居眠りをしているとき、体が突然、「ビクッ」と動いて目が覚める――。こうした不思議な現象が起こることがあります。その理由や病気の可能性について、内科医に聞きました。

うとうとしているとき、「ビクッ」となる現象は?
うとうとしているとき、「ビクッ」となる現象は?

 電車の座席で居眠りをしているとき、体が突然、「ビクッ」と動いて目が覚めた経験はないでしょうか。人前だと少し恥ずかしい思いをしますが、この「ビクッ」となる現象を自分でコントロールするのは難しいため、「いつも不思議に思っていた」「どうしてビクッと動くの?」「起こりやすい人はいるのかな」「病気の可能性はない?」など疑問を持つ人もいるようです。
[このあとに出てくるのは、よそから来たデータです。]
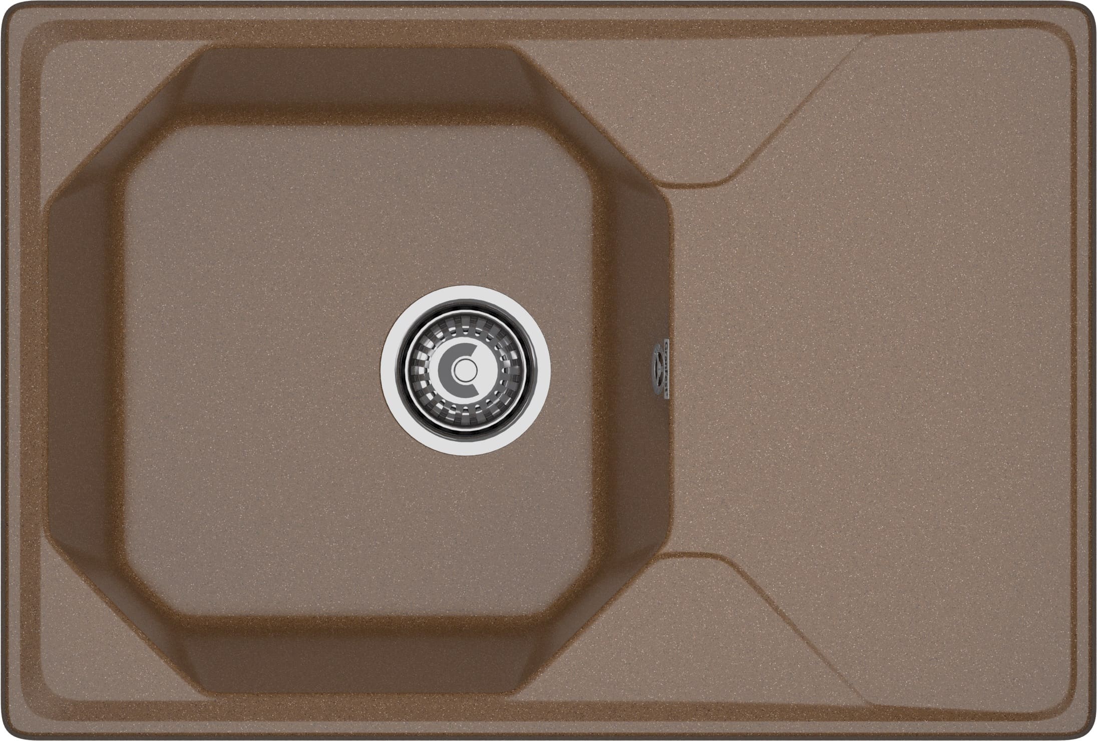 Кухонная мойка врезная из искусственного мрамора, прямоугольной формы, отверстие под смеситель отсутствует, размер чаши составляет 435*435*200, диаметр сливного отверстия составляет 8.89 см. В комплектацию входит: мойка, сливная арматура, паспорт.

 居眠り時、体が「ビクッ」と動くことがあるのはなぜなのでしょうか。内科医の市原由美江さんに聞きました。

医学的には「入眠時ミオクローヌス」

Q.うとうとしているときに突然、体が「ビクッ」と動く現象は何でしょうか。

市原さん「体が『ビクッ』と動く現象は医学的には『入眠時ミオクローヌス』といい、覚醒から睡眠への移行時、脳の誤作動によって手足の筋肉が収縮することで起こります。自分の意思とは関係なく、体が勝手に動いてしまう不随意運動で、どの年代、性別にでも起こり得る生理現象です」

Q.「ビクッ」となりやすい寝方、なりにくい寝方はあるのでしょうか。

市原さん「例えば、いすに座ったまま、ソファにもたれかかったままなど、安定していない不自然な姿勢で寝ているときに起こりやすいです。一方、普通に布団で横になって寝ているときには起こりにくいようです」

Q.「ビクッ」となる現象が頻繁に起こる場合、何らかの病気の可能性もあるのでしょうか。
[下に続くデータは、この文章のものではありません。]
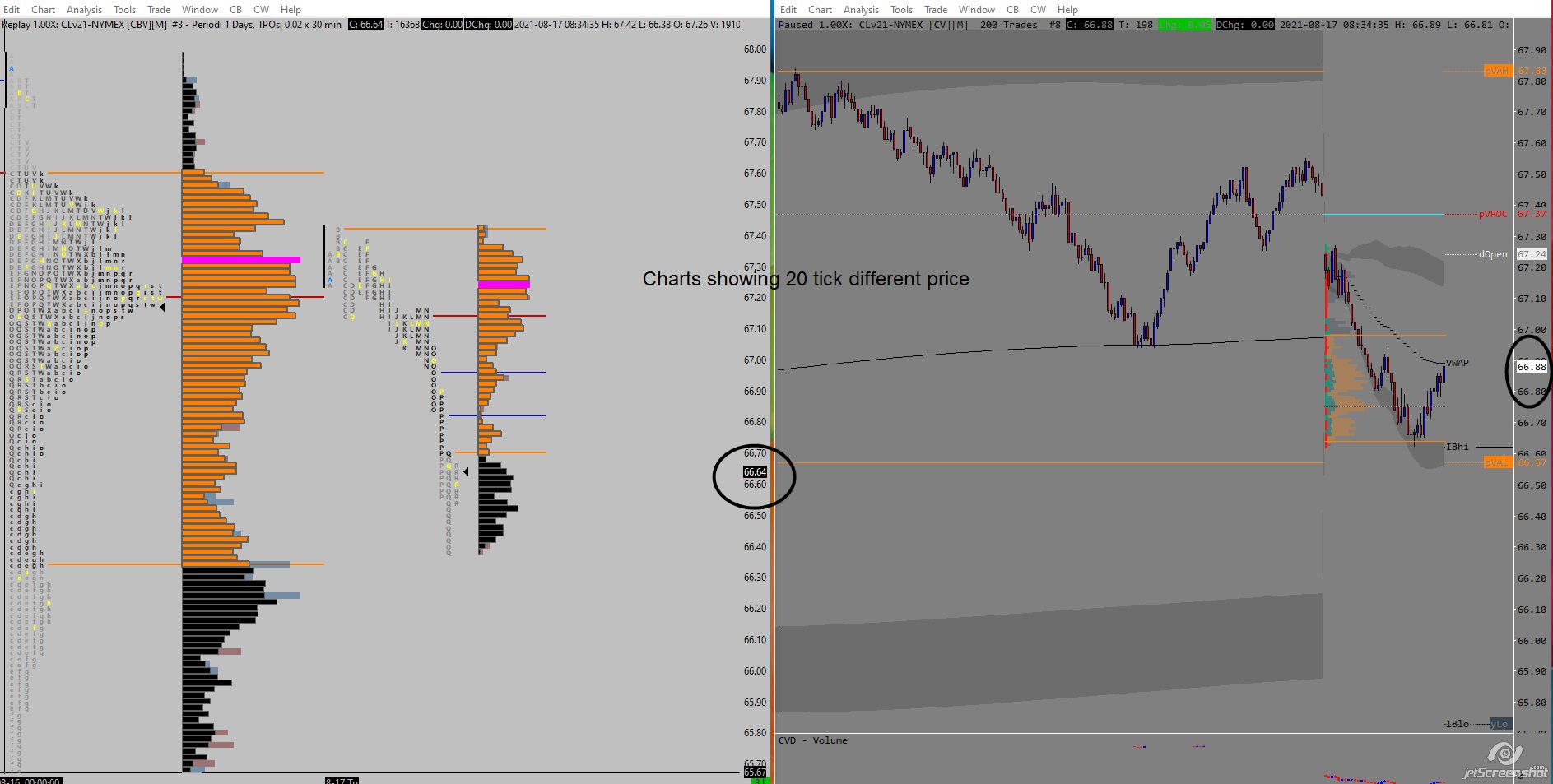 My TPO chart is showing a 20 tick different price to my candle stick chart can you help me please.

市原さん「頻繁に起こる場合、『周期性四肢運動障害』の可能性があります。この場合、睡眠中に手足が動くので、本人は無自覚なことが多く、眠っているはずなのに熟睡感が得られないことがあります。他には、てんかん発作の可能性もありますが、この場合は睡眠とは無関係です。
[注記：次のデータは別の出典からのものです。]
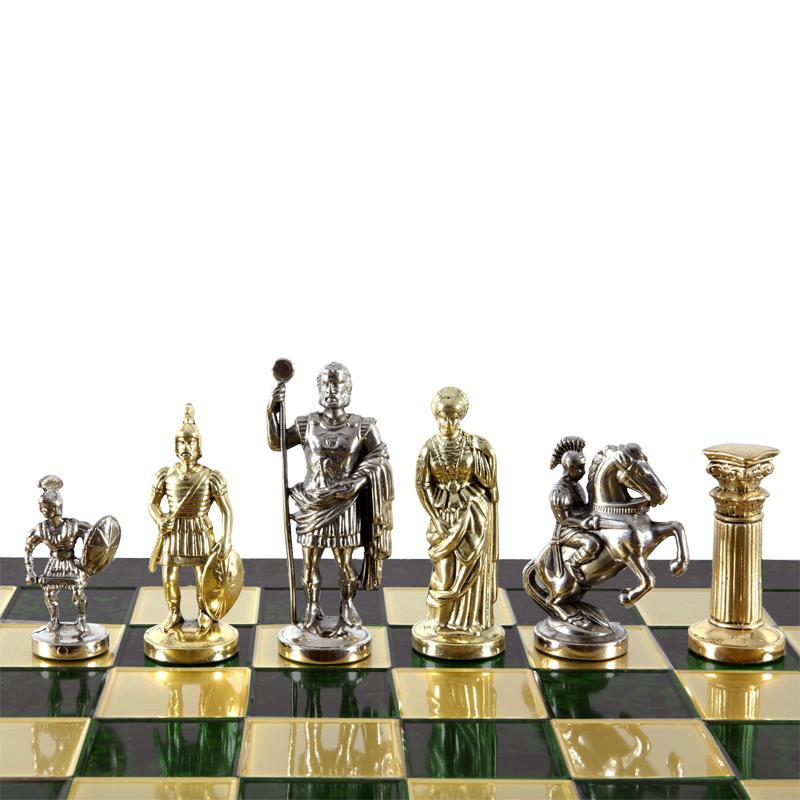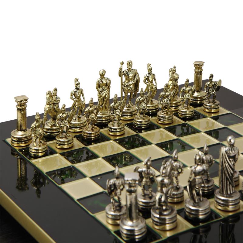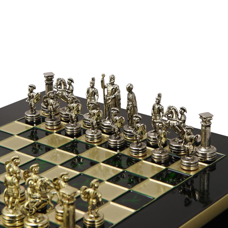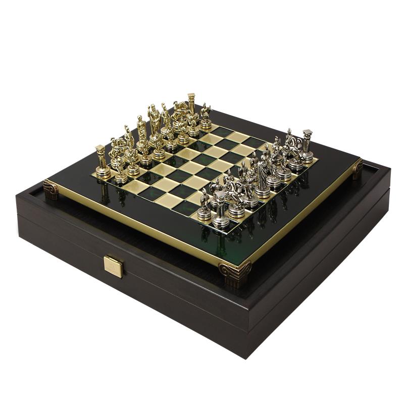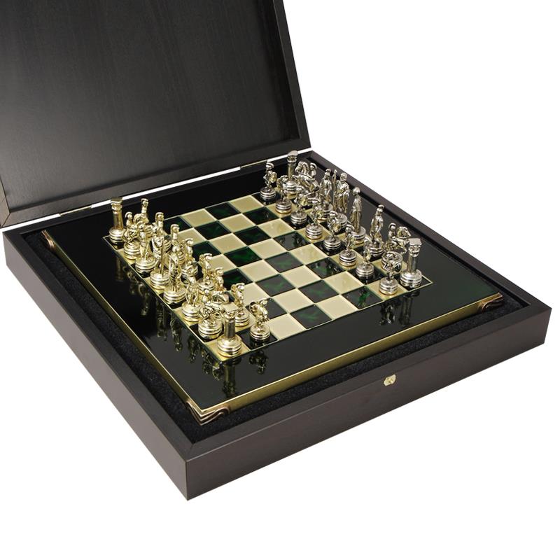 Древняя Греция подарила нам бессмертные легенды и мифы со своими невероятными героями Аидом, Зевсом, Аполлоном, Гераклом. Дизайнеры вдохновились историей и создали шахматные фигуры, которые перенесут одариваемого в античный мир. На игровом поле стройным рядами по игровым клеткам шагают храбрые воины. Фигуры золотого и серебряного цвета созданы из особенного сплава «замак», который широко используется ювелирами в работе. Он прочный, безопасный для здоровья человека, потому как состоит из цинка, алюминия и меди без добавления опасных примесей. Сверху фигуры покрыты латунью и отполированы вручную до блеска. При внимательном осмотре можно заметить чернение, такая обработка придает особый шарм изделиям, они становятся похожи на антиквариат, что всегда высоко ценится.

なお、てんかんにはさまざまな種類があり、数秒から30分以上持続するけいれん発作もあるので、時間だけでの区別は難しく、最終的には脳波などを検査することになります。入眠時、特に不自然な姿勢のときに『ビクッ』となるのであれば心配はありませんが、睡眠中や起きている時間帯に手足の不随意運動があれば神経内科を受診してください」

Q.「ビクッ」となる現象には、医学的な予防法はありますか。

市原さん「安定した睡眠導入によって予防できます。寝る前の過度のアルコールやカフェインの摂取、夜の激しい運動、夜更かしを控えることをおすすめします。ストレスによっても寝つきが悪くなるため、なるべくストレスをため込まないようにできるといいですね」

(オトナンサー編集部)

市原由美江(いちはら・ゆみえ)

医師(内科・糖尿病専門医)

横浜鶴ヶ峰病院付属予防医療クリニック副院長。自身が11歳の時に1型糖尿病(年間10万人に約2人が発症)を発症したことをきっかけに糖尿病専門医に。病気のことを周囲に理解してもらえず苦しんだ子ども時代の経験から、1型糖尿病の正しい理解の普及・啓発のために患者会や企業での講演活動を行っている。また、医師と患者両方の立場から患者の気持ちに寄り添い、「病気を個性として前向きに付き合ってほしい」との思いで日々診療している。糖尿病専門医として、患者としての経験から、ダイエットや食事療法、糖質管理などの食に関する知識が豊富。1児の母として子育てをしながら仕事や家事をパワフルにこなしている。オフィシャルブログ(https://ameblo.jp/yumie6822/)。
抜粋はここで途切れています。